The 55x has 3 stack modes as documented in Section 4.2 (Stack Configurations) of the 55x CPU Reference Guide. When the device comes out of reset the CPU registers IVPD and IVPH are set to 0xFFFF which causes them to fetch the reset vector from 0xFFFF00. That address corresponds to the boot ROM on devices shipping today. So the decision as to how the reset vector should be configured was made at the creation of the boot ROM. When the CPU comes out of reset and fetches that vector from the boot ROM the stack mode gets set.

You can create a new vector table and modify IVPD and IVPH to point to the vector table. However, in order for the CPU to "read" your stack configuration which is embedded in the reset vector you need to execute a soft reset. This will cause the CPU to branch to the address in the reset vector (e.g. _c_int00) and to set its stack mode based on the embedded value.

Why am I getting a bunch of linker errors such as, "can't find input file 'bios5510.a55'" when I build my BIOS project?

By default in CCS 3.3 when you create a new 55x project it will default to "small memory model". Also, when you create a new BIOS configuration for 55x it will also default to "small memory model". However, BIOS does not ship libraries for small memory model! To solve the issue you must change both your compiler options and your BIOS configuration to use "large memory model".

• Go to Project -> Build Options -> Compiler -> Advanced and select Memory Model as "Large (-ml)".
• In your BIOS configuration file (*.tcf) go to System -> Global Settings -> (right click) Properties. Choose Memory Model as LARGE.
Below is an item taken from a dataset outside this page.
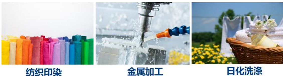
图：特种表面活性剂应用场景

公司 EOD 生产装置采用意大利 D. B. I. 公司第五代 PRESS 工艺技术，产品聚焦特种表面活性剂、聚醚单体、高性能减水剂等下游方向，应用前景广阔。公司在相关产品应用领域具有较强的产品开发、应用服务和市场营销能力，广泛应用于日化、纺织、建筑、路桥、光伏、金属加工、农化、涂料、汽车、皮革等领域。目前公司 EOD 主要产品为特种表面活性剂、聚醚大单体、高性能减水剂。公司生产非离子表面活性剂、聚醚大单体的工艺流程概括为：起始剂→前处理→加入环氧乙烷进行烷氧化反应→后处理→成品存储→切片→包装→非离子表面活性剂、聚醚大单体；生产聚羧酸减水剂的工艺流程概括为：聚醚大单体+其它单体+引发剂→聚合反应→复配→聚羧酸减水剂。
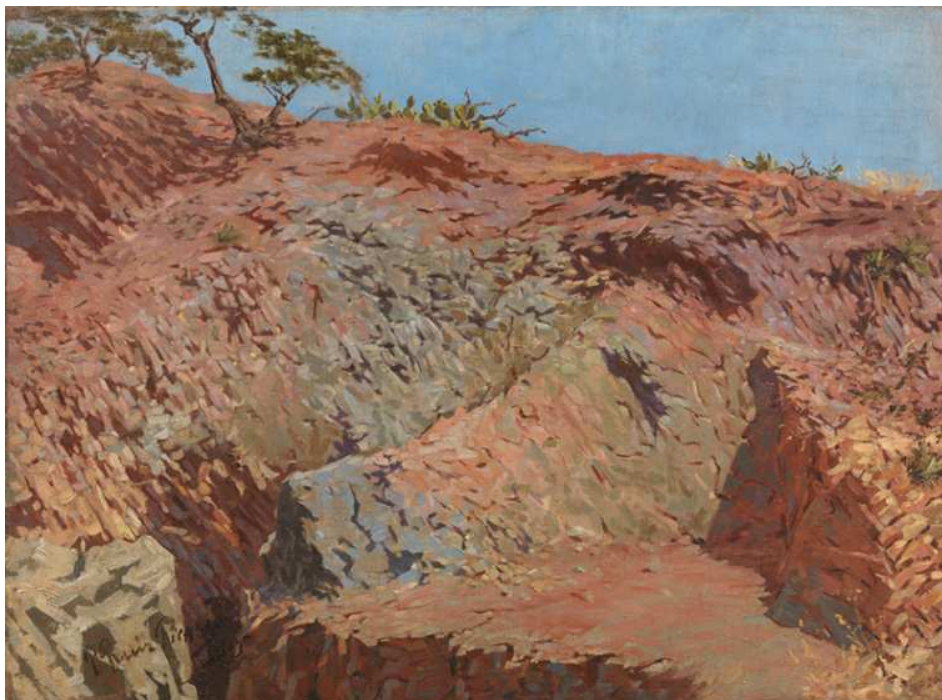
Figura 7. Montañas de Málaga. Pablo Ruiz Picasso. 1896. Óleo sobre lienzo. Museo Picasso Barcelona

La elección del espacio reproducido en estas obras nos habla, además del interés puramente pictórico que le generara, de una atracción del autor por los paisajes de su estacional entorno vital, y que contrasta con una aproximación más distante que los percibiría como laderas erosionadas y con escasa cubierta vegetal. Esa relación afectiva con este espacio montañoso se encuentra relativamente extendida entre numerosos habitantes de la ciudad, antiguos moradores de estos terrenos tradicionalmente humanizados en los que desde antiguo se cultivaban sus laderas, existía un considerable grado de poblamiento y generaron importantes manifestaciones culturales, como los cantes y bailes de verdiales. Unos valores culturales interiorizados por la población pero que no se han traducido en protección para el territorio que ocupan o del que surgen. En este sentido, el que se haya protegido la parte de los Montes de Málaga repobladas con pinares, ha desempeñado un efecto contrario sobre el resto de esta unidad fisiográfica, precisamente la que concentra mayores contenidos culturales.

Note that small memory model severely constrains your memory usage in that all data must be confined to a single 64k-word page. Whether you use BIOS or not it is generally a good idea to select the large memory model for your compiler build options.

As of BIOS 5.33.05 the new default for 55x configuration files is the large memory model. As of CCS 4.0 the new project default for 55x is also large memory model.

How are the bus keepers implemented on GPIO A.x lines and how do they work under different configurations?

Background: The C5500 EMIF is configured in Data-only mode. The GPIO A.x (EMIF address bus) lines are used to control external logic or peripherals. Applies to C5503, C5506, C5507, C5509A.

Answer: The buskeeper is implemented as shown in the diagram below. The resistor values are adjusted from device to device. This implementation is for the TMS320VC33 and is obtained from the data manual

Buskeeper Circuit.jpg

The "main buffer" is a strong driver (mA range) that shown here controlled by the R/W-. The bus keeper is a weak driver (uA range) that is controlled here by the SHZ-.

Here is a truth table that defines how the bus keepers will operate:

 SHZ-	               R/W-   Internal   External Data Bus Pin (w/o pull-up)
                            Data Bus
0   (BK disabled)	0	0	Driven to 0 by the main buffer
0   (BK disabled)	0	1	Driven to 1 by the main buffer
0   (BK disabled)	1	X	Hi-Z (output voltage will go to some intermediate voltage between the rails)
1   (BK enabled)	0	0	Driven to 0 by the main buffer (bus keeper follows the main buffer)
1   (BK enabled)	0	1	Driven to 1 by the main buffer (bus keeper follows the main buffer)
1   (BK enabled)	1	X	Bus keeper weakly holds the state of the pin at the last state that was  
                                       driven either by the main buffer or y the external world.

Can you show me some CCSv41 configurations?

An example how to set CCSv41 for C5505 CPU Cycle Accurate Simulator can be found here .

An example how to setup the C5505 USB Stick under CCSv41 can be found here .

How do I use Software Breakpoint (estop_1) to debug my code?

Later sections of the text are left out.